# [What to produce]
Copy out exactly, from the entries that follow, the line holding "사용 후 손을 보니 자극된", the line holding "RNG老板发文如下,首先他表", and all lines between them, but no pictures.

# [Data extracts]
--------------------------------------------------
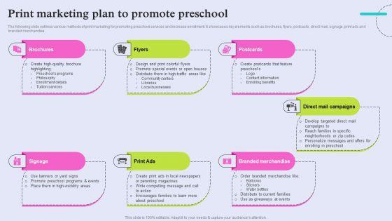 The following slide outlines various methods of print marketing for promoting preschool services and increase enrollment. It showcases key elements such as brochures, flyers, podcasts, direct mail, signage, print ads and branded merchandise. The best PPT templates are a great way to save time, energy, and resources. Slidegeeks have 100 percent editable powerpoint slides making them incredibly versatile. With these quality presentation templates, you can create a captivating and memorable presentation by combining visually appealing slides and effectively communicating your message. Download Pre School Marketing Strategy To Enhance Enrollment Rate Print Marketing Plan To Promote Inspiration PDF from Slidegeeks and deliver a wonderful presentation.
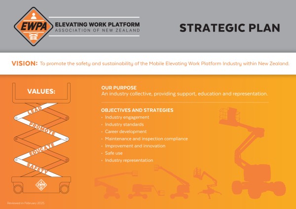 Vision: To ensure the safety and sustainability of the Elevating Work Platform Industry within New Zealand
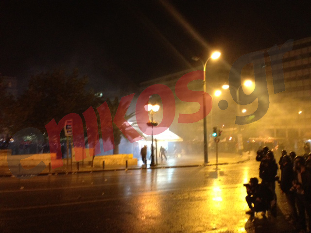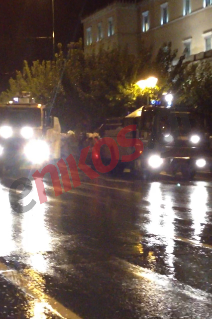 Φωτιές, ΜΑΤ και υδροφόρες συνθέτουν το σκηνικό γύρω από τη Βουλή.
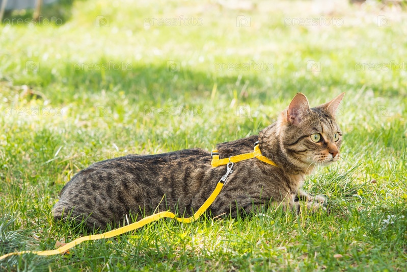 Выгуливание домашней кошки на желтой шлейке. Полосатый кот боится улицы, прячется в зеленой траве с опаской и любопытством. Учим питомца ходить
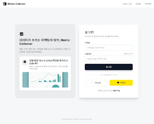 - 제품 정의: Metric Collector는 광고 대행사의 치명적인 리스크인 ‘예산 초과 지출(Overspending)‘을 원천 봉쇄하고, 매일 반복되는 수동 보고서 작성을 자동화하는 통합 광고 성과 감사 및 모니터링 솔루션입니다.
--------------------------------------------------
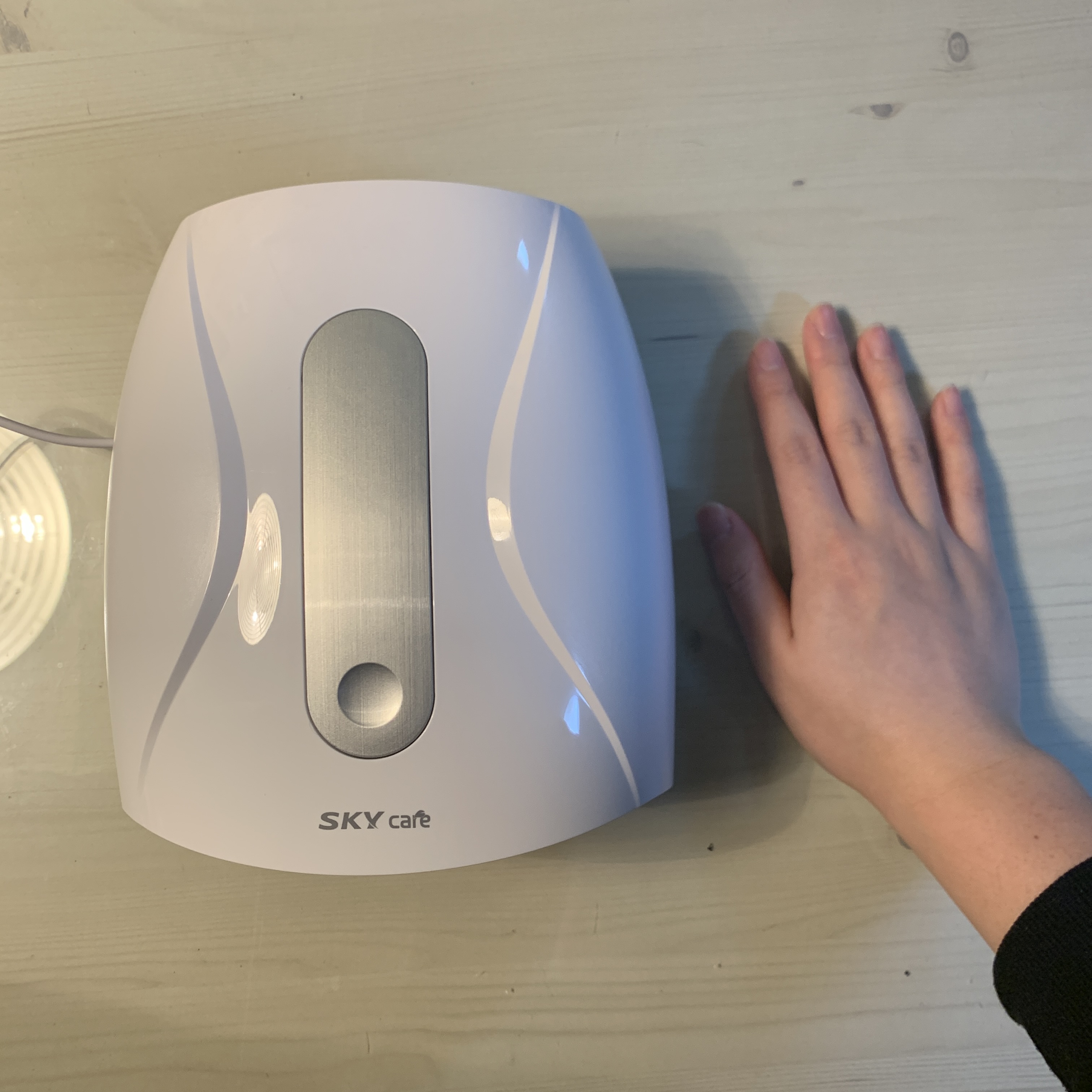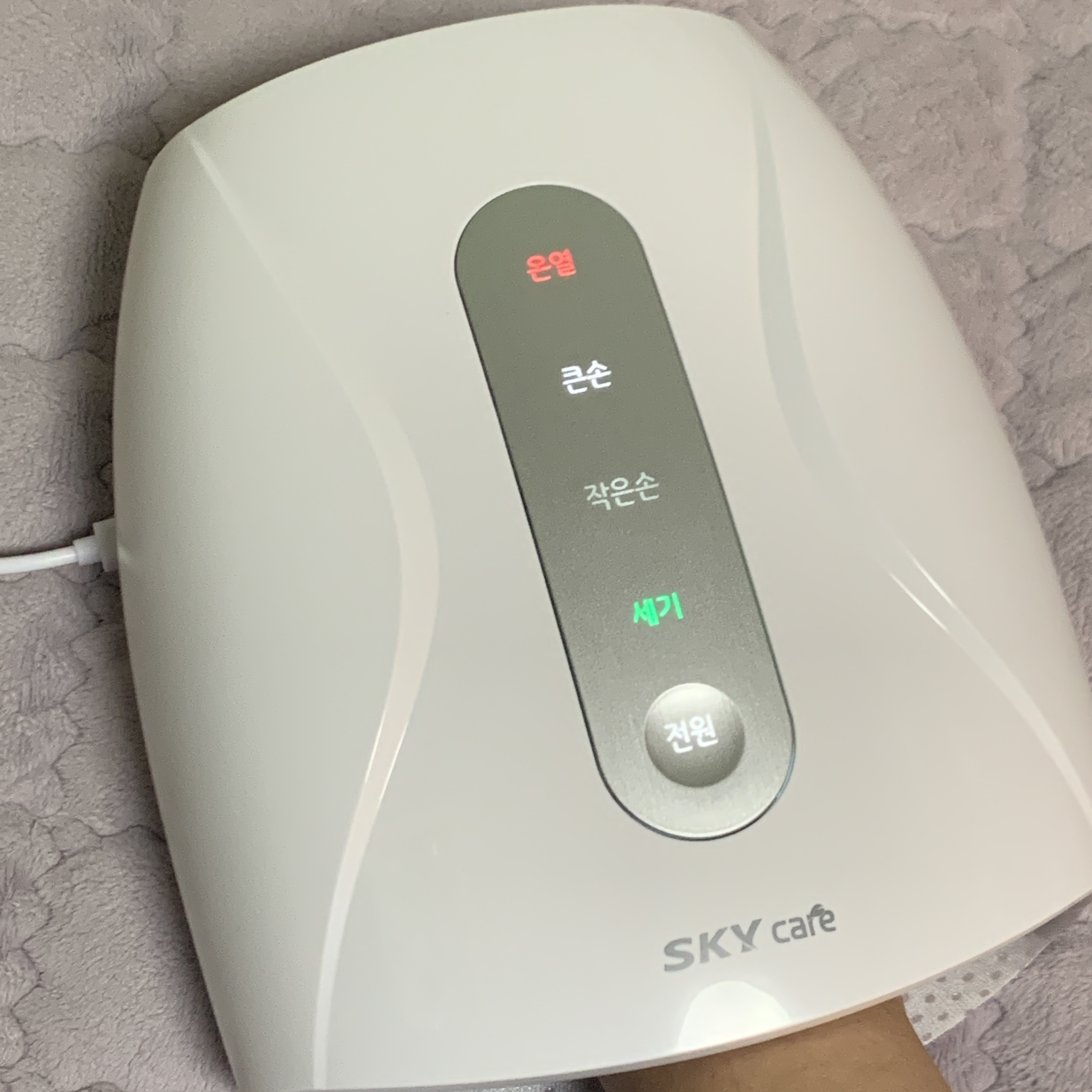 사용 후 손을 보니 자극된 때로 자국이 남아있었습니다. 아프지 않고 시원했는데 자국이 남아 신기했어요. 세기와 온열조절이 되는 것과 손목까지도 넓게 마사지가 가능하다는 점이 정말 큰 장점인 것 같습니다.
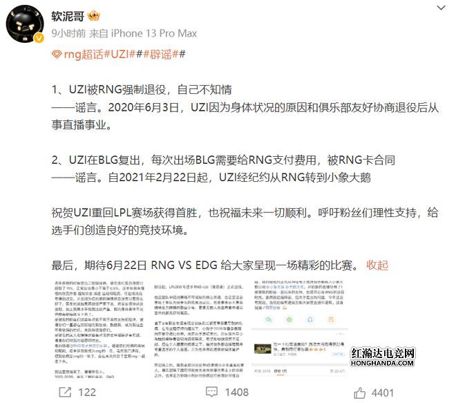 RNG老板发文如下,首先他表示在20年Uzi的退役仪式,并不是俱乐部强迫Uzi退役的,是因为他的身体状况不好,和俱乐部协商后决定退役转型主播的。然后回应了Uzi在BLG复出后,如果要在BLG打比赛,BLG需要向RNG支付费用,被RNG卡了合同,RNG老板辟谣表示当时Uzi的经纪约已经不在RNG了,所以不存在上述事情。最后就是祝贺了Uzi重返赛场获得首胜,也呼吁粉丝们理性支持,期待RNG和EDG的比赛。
--------------------------------------------------
# [Task response]
 사용 후 손을 보니 자극된 때로 자국이 남아있었습니다. 아프지 않고 시원했는데 자국이 남아 신기했어요. 세기와 온열조절이 되는 것과 손목까지도 넓게 마사지가 가능하다는 점이 정말 큰 장점인 것 같습니다.
 RNG老板发文如下,首先他表示在20年Uzi的退役仪式,并不是俱乐部强迫Uzi退役的,是因为他的身体状况不好,和俱乐部协商后决定退役转型主播的。然后回应了Uzi在BLG复出后,如果要在BLG打比赛,BLG需要向RNG支付费用,被RNG卡了合同,RNG老板辟谣表示当时Uzi的经纪约已经不在RNG了,所以不存在上述事情。最后就是祝贺了Uzi重返赛场获得首胜,也呼吁粉丝们理性支持,期待RNG和EDG的比赛。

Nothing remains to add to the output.